With a traditional credit card, the issuer determines the credit limit based on the cardholder's credit history, income, and other factors. It is not based on a cash deposit like it is with a secured card.
Secured cards often have higher fees and interest rates than traditional credit cards. This is because secured card holders are typically working on repairing their credit score or establishing a credit score because they have little or no credit history. This low/new credit score means that card issuers consider the card holder to be a higher risk, and offset this risk with higher fees and interest rates.
What can I use a secured card for?
You can use a secured card wherever credit cards are accepted including online. This means you can start using a secured card right away for travel, shopping, and dining.
You can also use a secured card to build credit or restore a poor credit score. In most cases the deposit can be as little as $200 and as much as $2,500. This means that as soon as the deposit is complete you can start to establish a track history of responsible credit use which will eventually lead to a good credit score.
A good credit score will make it easier to apply for loans in the future. It will also make it easier to get a mortgage. The higher your score, the lower the interest rate you’ll have to pay which makes borrowing less expensive.

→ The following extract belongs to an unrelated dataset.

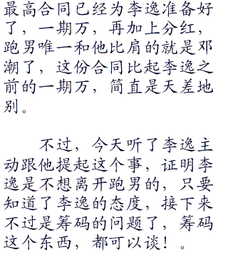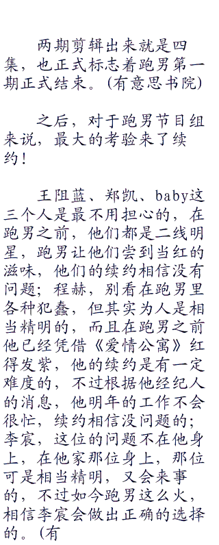 “你小子,今天的表现可真精彩,台长刚才已经跟我打电话了,跑男嘉年华的事情十之**了。”
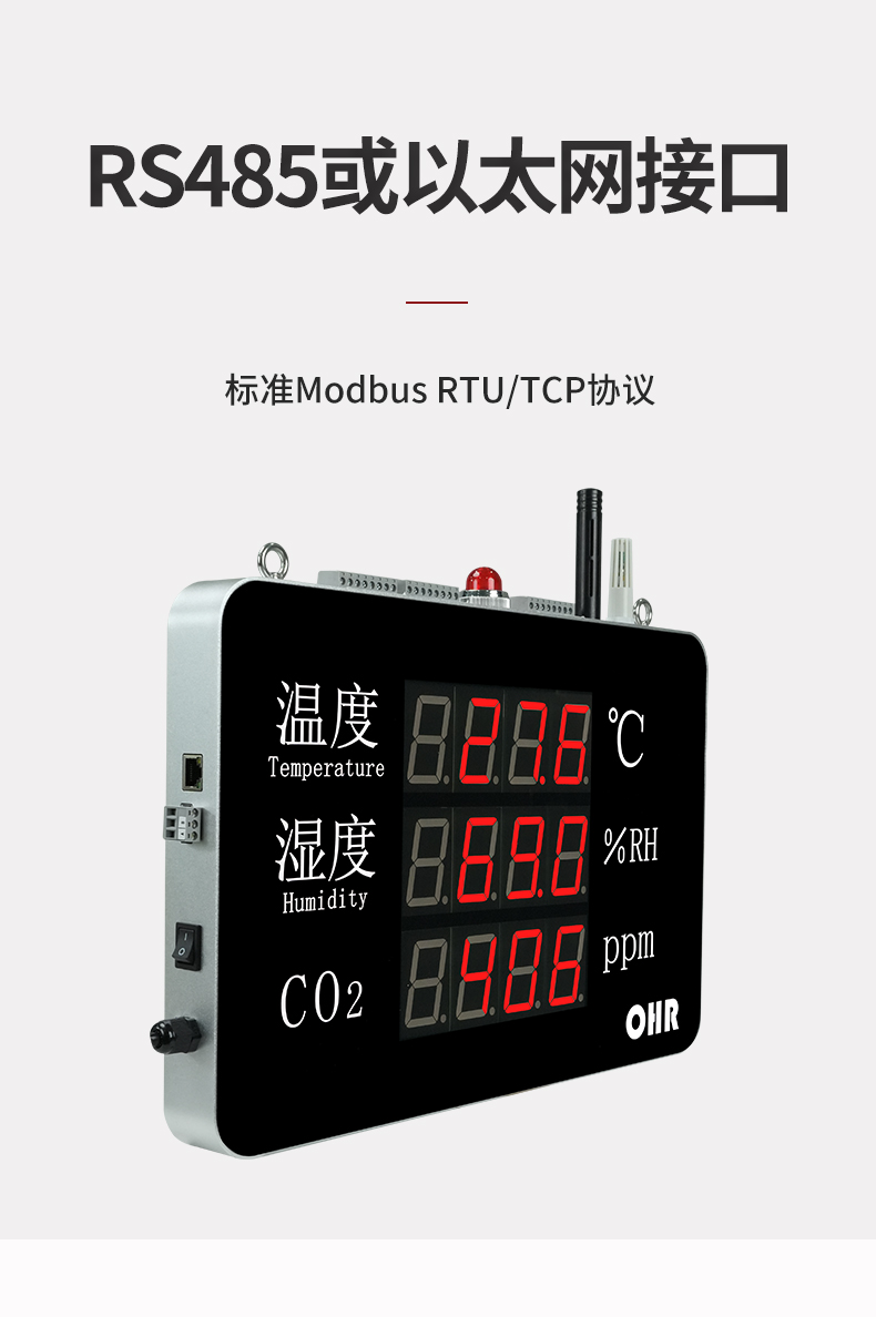 OHR-WS54系列大屏二氧化碳溫濕度記錄儀采用高精度的采集電路及進口傳感器,對環境的二氧化碳、溫濕 度等進行實時監測、報警與記錄。本產品采用鋁合金邊框,高品質亞克力面板,外觀美觀大方;大屏幕 LED數碼管顯示,醒目、便捷,實時顯示二氧化碳值和溫濕度值等信息;可選配RS485、RS232通訊接口或以 太網通訊接口,通過配套的上位機軟件讀取歷史記錄。該產品適用于多種場合,尤其適用于倉庫、車間、 畜牧業中室內環境溫濕度的監測。

Some secured cards also offer important benefits like:
- Cashback on purchases
- No minimum balance
- No annual fees
- No credit checks
Disclaimer: Super created this blog for general informational purposes only. The contents of this blog do not constitute professional financial advice. We strive to keep this information accurate and up to date to the best of our knowledge; however, we cannot guarantee continuous accuracy. Contents of the blog are subject to change without notice.